April 13: The daunting challenges surrounding vaccine passports (National Geographic)
While vaccine passports could help open economies and allow people to travel during the coronavirus pandemic, there are questions around how the personal data within them will be stored, shared, and protected, say experts. There are also concerns that requiring vaccine passports could put people’s civil liberties and privacy at risk, and could create bias. Said Howard Koh, Harvey V. Fineberg Professor of the Practice of Public Health, “We need to uphold the concepts of equity and fairness and not use this as a tool that can lead to discrimination,” he said.
April 12: Biden, public health officials face crossroads on COVID-19 (Boston Globe)
The Biden administration is working to convince people about the effectiveness of the COVID-19 vaccine while also encouraging people to continue taking precautions until the pandemic is under control. “For those who are vaccinated this individual risk may be low, but public health is built on the backs of thousands of individual actions,” noted Thomas Tsai, assistant professor in the Department of Health Policy and Management. “Even if your individual risk may be low the goal is to put the lid back on the widespread transmission.”
April 12: A Public Health Lesson for Ron DeSantis, From Harvard (New York Times’ Sway podcast)

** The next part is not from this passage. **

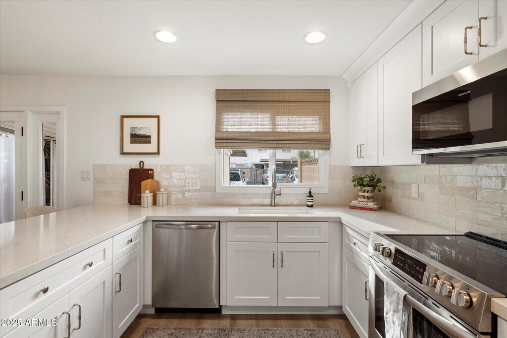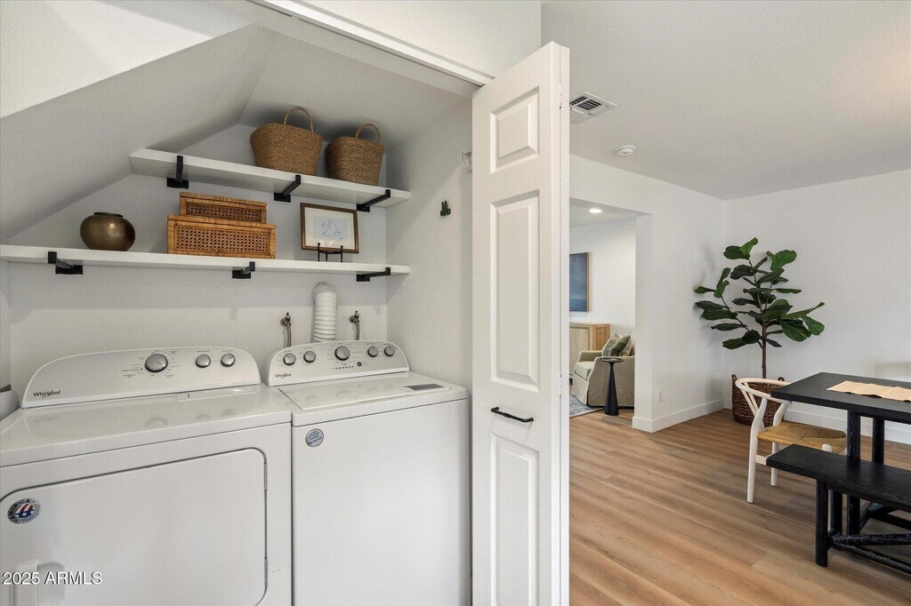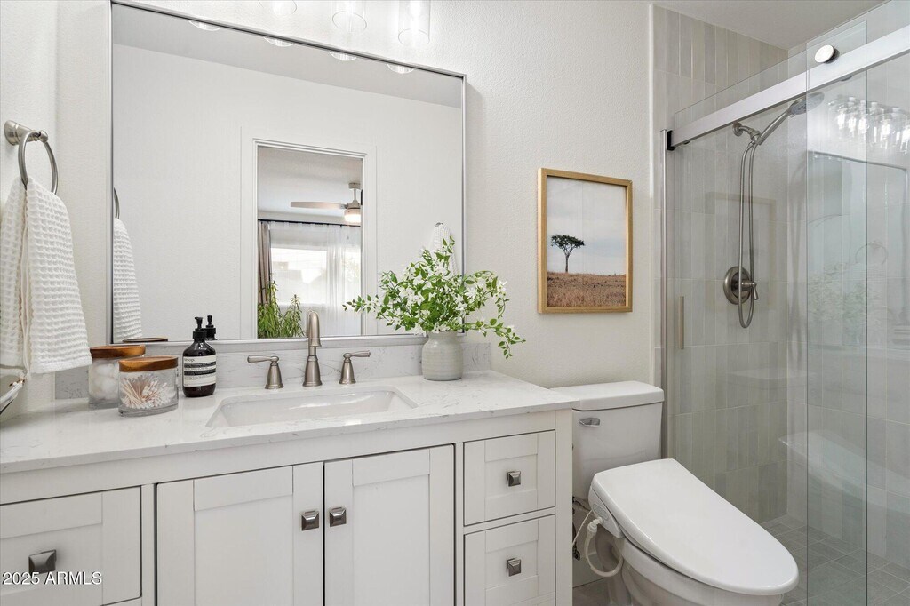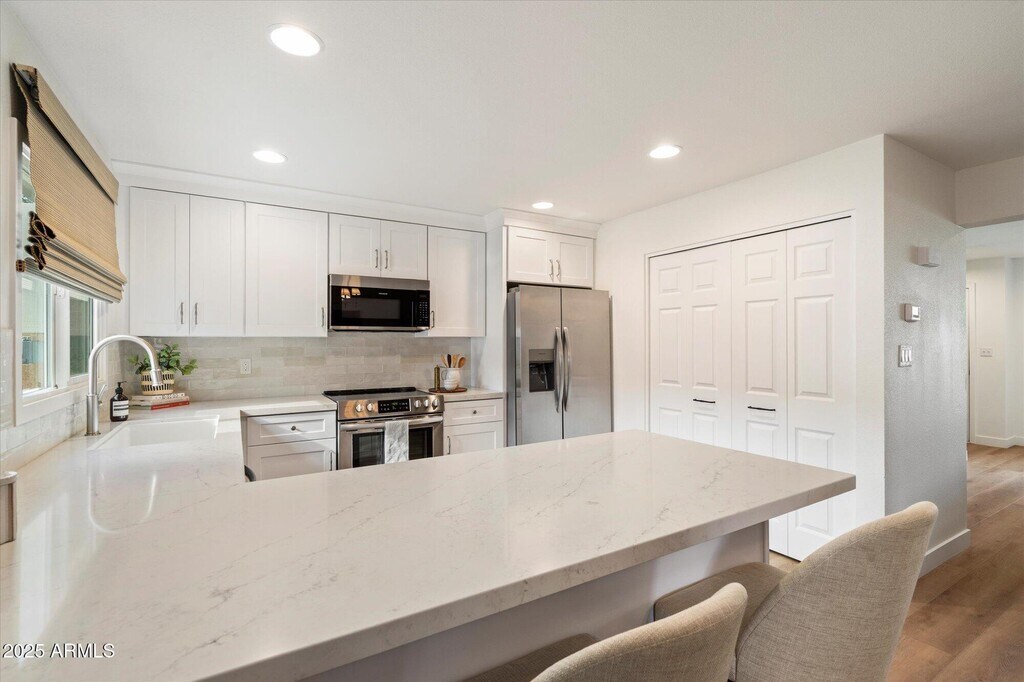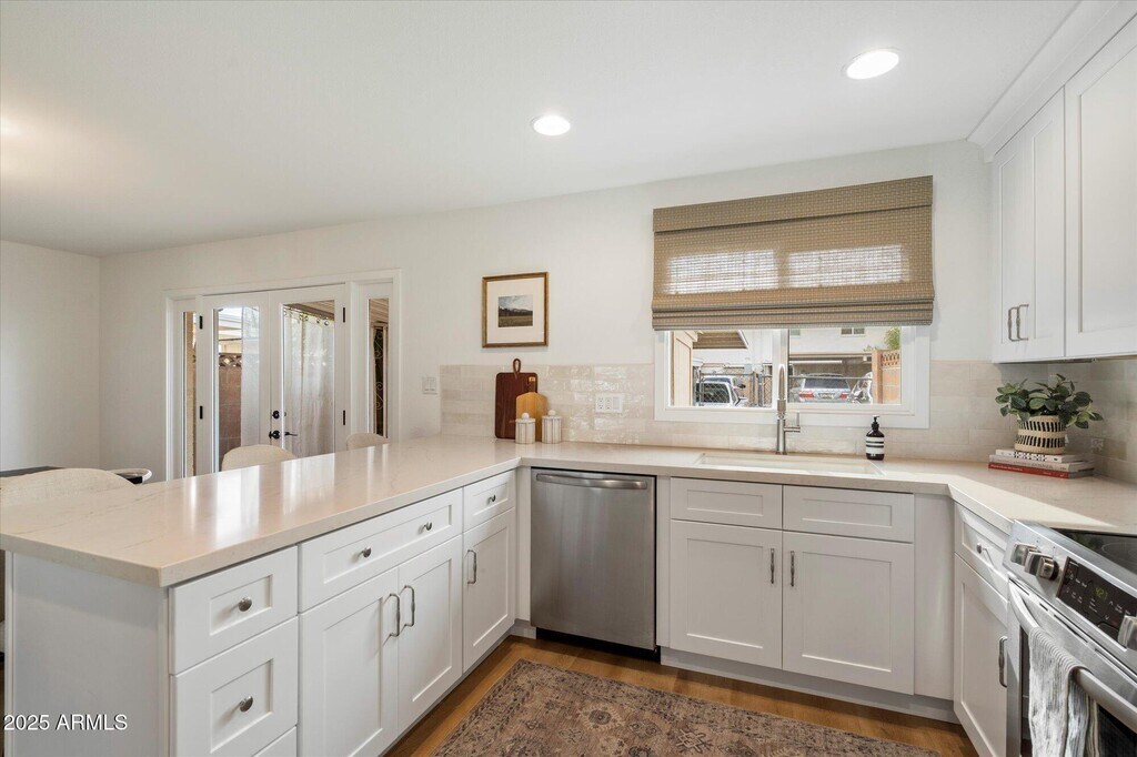 Charming traditional style townhouse is located in the heart of Scottsdale. Close by to parks,walking and biking paths,restaurants and near Old Town Scottsdale. The property has been completely renovated top to bottom with beautiful finishes and a welcoming spacious open concept floor plan. The main level of the home features an entry foyer,living room,hall to coat closet and powder bath,dining room,full kitchen and laundry adjacent. Second floor has 4 bedrooms including a primary suite,open hallway to secondary bedrooms,hall bathroom and linen closet. French doors off the dining room lead to the private and spacious outdoor patio which is equipped with new gravel,metal shade awning,citrus tree for shade,outdoor storage shed and 2 reserved covered parking

In this interview with Kara Swisher, Dean Michelle Williams said that investing in public health is crucial both for keeping people healthy and for maintaining a strong economy. She also discussed a variety of topics related to the pandemic, including the dangers posed by variants, the importance of continuing to mask and distance, the vaccine rollout, health disparities related to disease prevalence and vaccine distribution, vaccine hesitancy, and vaccine passports.
April 12: Can Colleges Require Students to Get the COVID Vaccine? (Teen Vogue)

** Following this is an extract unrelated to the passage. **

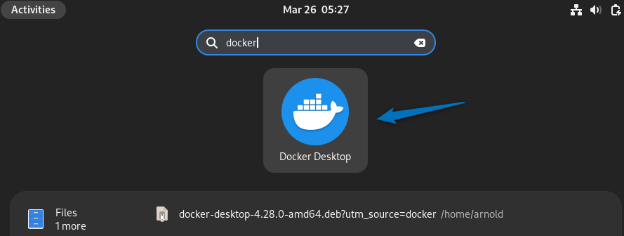 Now use the Debian default package installer to install Docker desktop using its deb file:

College and universities are considering whether to establish COVID-19 vaccination requirements for their students. Whether or not they do, college students should still expect precautions such as mask-wearing to remain part of their lives when school begins, said Sarah Fortune, John LaPorte Given Professor of Immunology and Infectious Diseases and chair of the Department of Immunology and Infectious Diseases. “Vaccination is going to be another layer of risk mitigation but it’s not going to be like a blanket ‘Get Out of Jail Free’ card,” she said.
April 11: Could Covid-19 usher in the age of clean indoor air? (Quartz)

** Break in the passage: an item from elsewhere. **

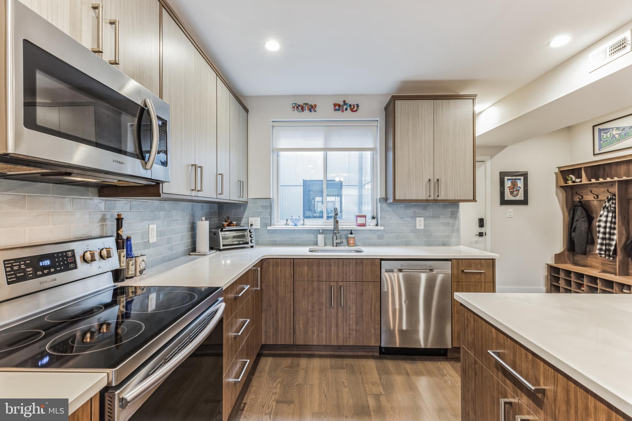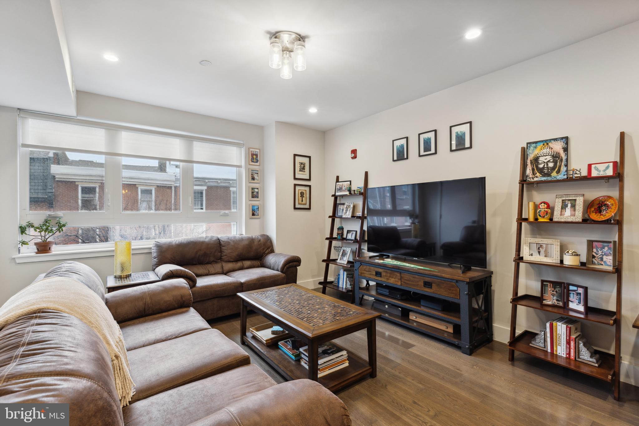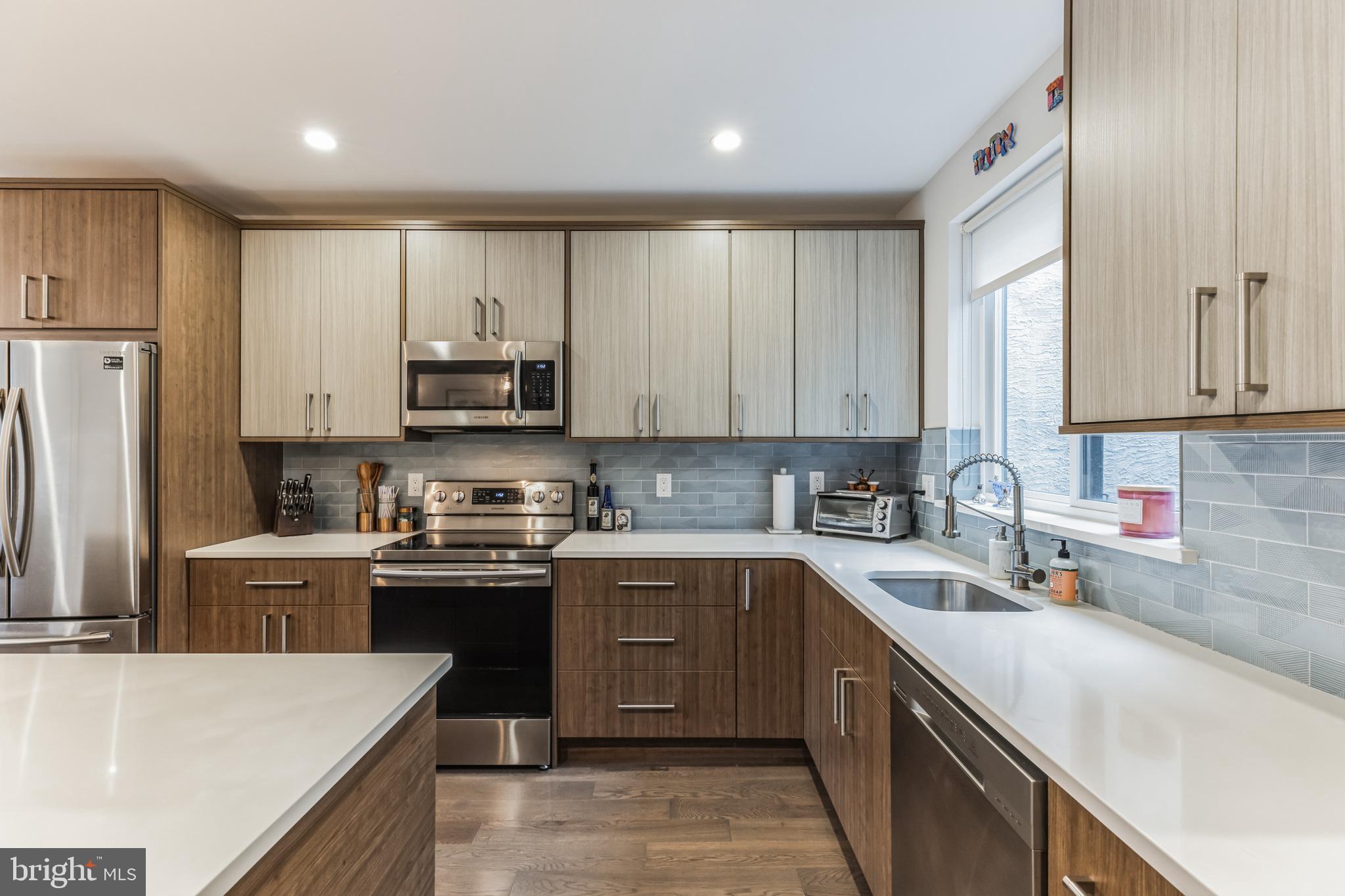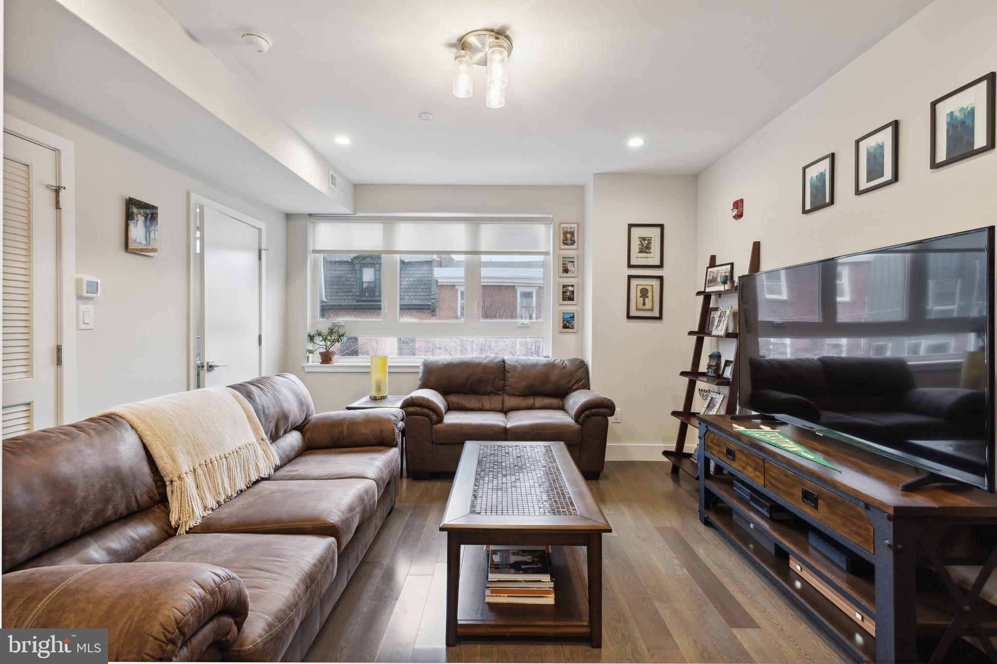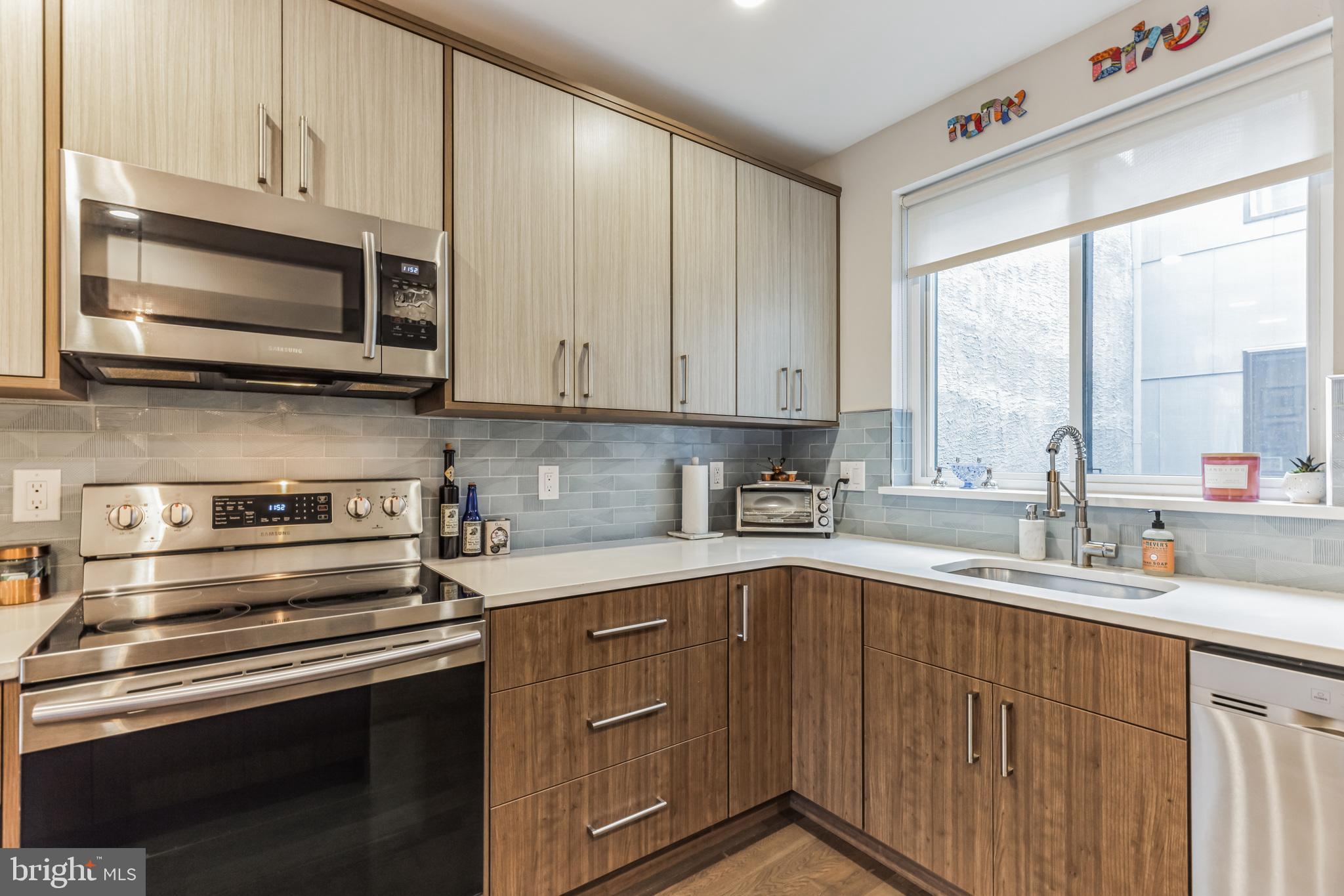 Introducing a rare bi-level condo in the heart of Fishtown. This 2 bedroom, 2.5 bathroom unit is like-new with five years left on the tax abatement! The entire home features custom Hunter Douglas window treatments and excellent condition hardwood floors throughout. The large kitchen has an incredible amount of storage space, including convenient drawer bases, a corner lazy susan cabinet, and a 96" island. Features like the semi-custom cabinetry, white quartz countertops, and icy blue tile backsplash make for a stylish place to cook, hang, and entertain. Everything, including the Samsung stainless steel appliances, are in like-new condition. As you continue past the kitchen, you'll find a spacious living room that floods with great natural light through large southeast facing windows. Also on the first level is a convenient half-bathroom and a laundry closet with front loading Samsung washer and dryer. Rounding out the first level is a surprising amount of storage space with custom closet built-ins underneath the stairs. Upstairs you will find that the natural light continues with an unexpected hallway skylight. Tucked away is a sophisticated primary suite featuring a 60" double vanity, a large shower with frameless glass enclosure, and custom closet systems. The spacious second bedroom features another large picture window and a custom closet system. Lastly, the large hall bathroom boasts it's own spa-like shower with frameless glass enclosure. Located just steps from green space like Palmer Park, this tree lined block is quiet despite proximity to the best bars and restaurants that Fishtown has to offer. A less than five minute walk will get you to Suraya, LMNO, Kalaya, Riverwards Market, and so much more! A quick walk to the Berks El stop will have you downtown in no time. Don't miss out on this gem!

Joseph Allen, associate professor of exposure assessment science, quoted
April 11: Covid-19 Was a Wake-Up Call, Leading Many to Make Lifestyle and Career Changes (Wall Street Journal)
Many Americans are reconsidering what “normal” life will look like in the wake of the COVID-19 pandemic. Karestan Koenen, professor of psychiatric epidemiology, said that while some will be ready to jump fully back into regular life, others won’t. “First you have to recover from being burned out,” she said. “It’s almost like you have to find that joy again.”
April 10: US is ‘weeks away from hitting a vaccine wall’: Demand for COVID shots could plummet by late APRIL and well before herd immunity – as just 59% say they are currently willing to get one (Daily Mail)
With roughly one-third of Americans indicating they’re not interested in COVID-19 vaccination and others saying they want to wait several months or longer to get vaccinated, data from the nonprofit Surgo Ventures forecasts that the U.S. will soon have a supply glut of vaccines. “This analysis shows that despite the general vaccine enthusiasm we are seeing now in the United States, things are going to get really difficult really soon,” said Sema Sgaier, CEO of Surgo Ventures and adjunct assistant professor of global health.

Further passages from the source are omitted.